Pemerintah akan mengupayakan dan akan bekerja keras untuk mengendalikan pandemi Covid-19 dan menyalurkan seluruh Bansos kepada masyarakat selama masa PPKM Darurat. Terkait dengan pengendalian pandemi terdapat dua indikator evaluasi dalam PPKM Darurat, yaitu indikator peningkatan kasus positif serta bed occupancy ratio bisa membaik.
Selanjutnya akan ada koordinasi kembali dengan Presiden mengenai tindak lanjut yang akan dilakukan, termasuk perpanjangan masa PPKM sesuai dengan kebutuhan dan kesiapan Pemerintah untuk mendukungnya
Bersatu Bersama Melawan Pandemi
Seluruh Warga Negara Indonesia tentunya perlu ikut bersatu atas nama kemanusiaan untuk melawan pandemi di pangkuan negara bersama pemerintah. Semua dapat memiliki kontribusi sesuai peran masing-masing.
Kontribusi yang paling mudah adalah menyampaikan pernyataan positif mengenai kebijakan yang diambil pemerintah masih sesuai dengan amanat Undang-Undang terutama yang terkait kedaruratan kesehatan.
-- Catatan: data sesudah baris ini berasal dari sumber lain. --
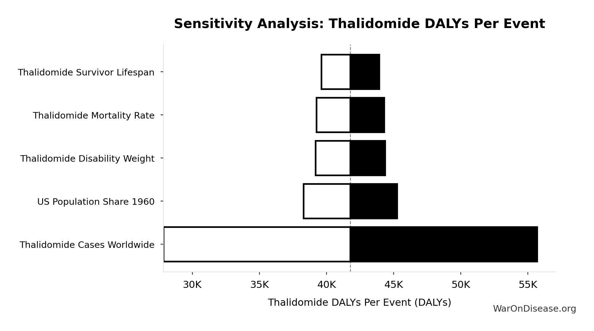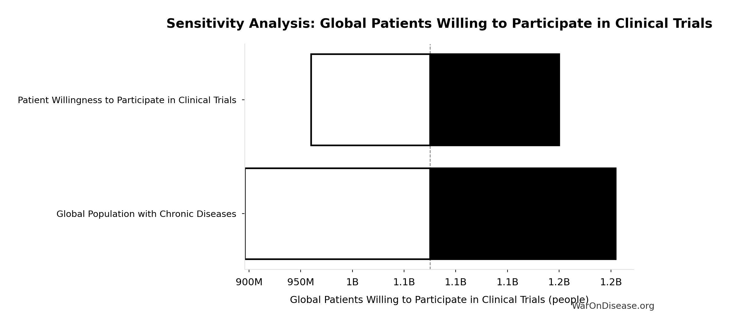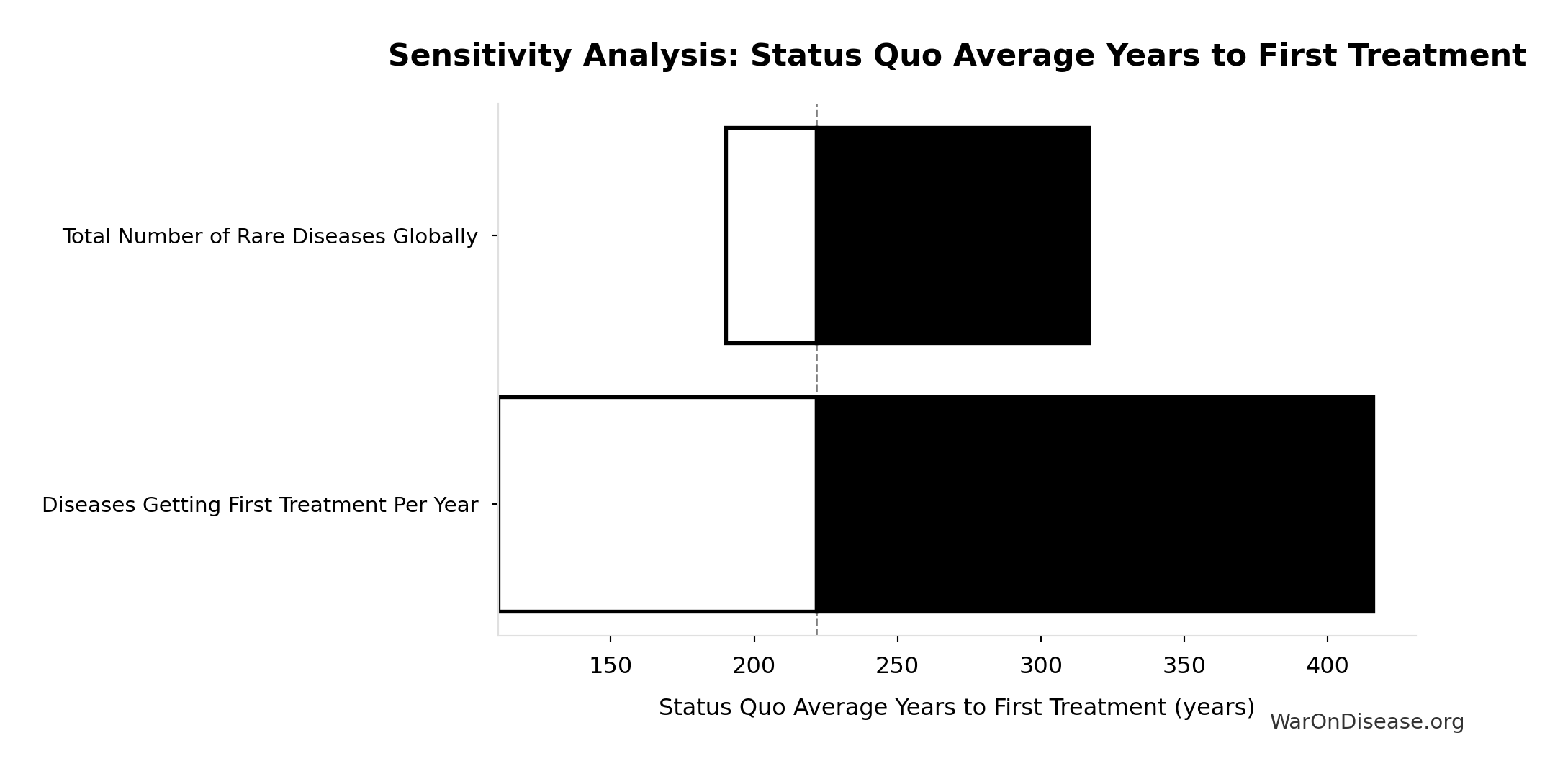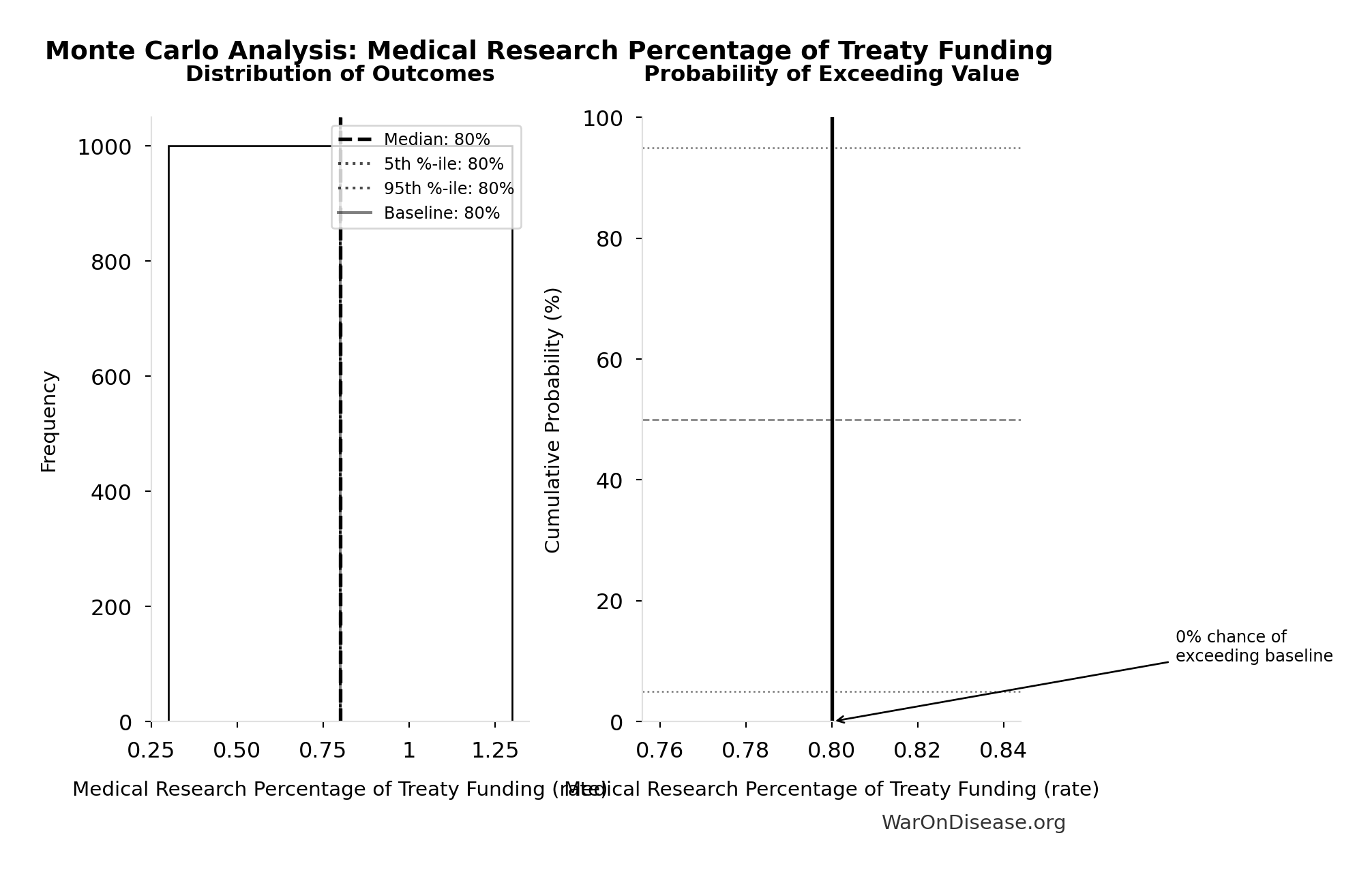 What this means: This estimate has moderate uncertainty. The true value likely falls between 800 diseases and 1,200 diseases (±20%). This represents a reasonable range that our Monte Carlo simulations account for when calculating overall uncertainty in the results.

Dengan adanya Pandemi Covid 19 ini, kita semua mendapatkan tantangan yang belum pernah terjadi dalam sejarah perjalanan bangsa Indonesia. Maka Bangsa Indonesia sudah sepatutnya secara kolektif sebagai bangsa harus saling mengimbau dan mengingatkan, dan dalam menghadapi kondisi ini mau tidak mau kita semua elemen masyarakat harus bersatu dan mau bahu membahu memberikan kontribusi pada pemerintah, dengan apapun yang kita bisa lakukan.
Termasuk mendukung kebijakan yang diambil pemerintah dan menyuarakan evaluasinya sesuai dengan fakta dan argument yang solutif. Hal ini juga sejalan dengan pendapat: pemerintahan demokratis bukanlah entitas yang “bodoh”, tetapi terbuka untuk berbagai kontribusi (deliberatif) (Hilmy, 2008).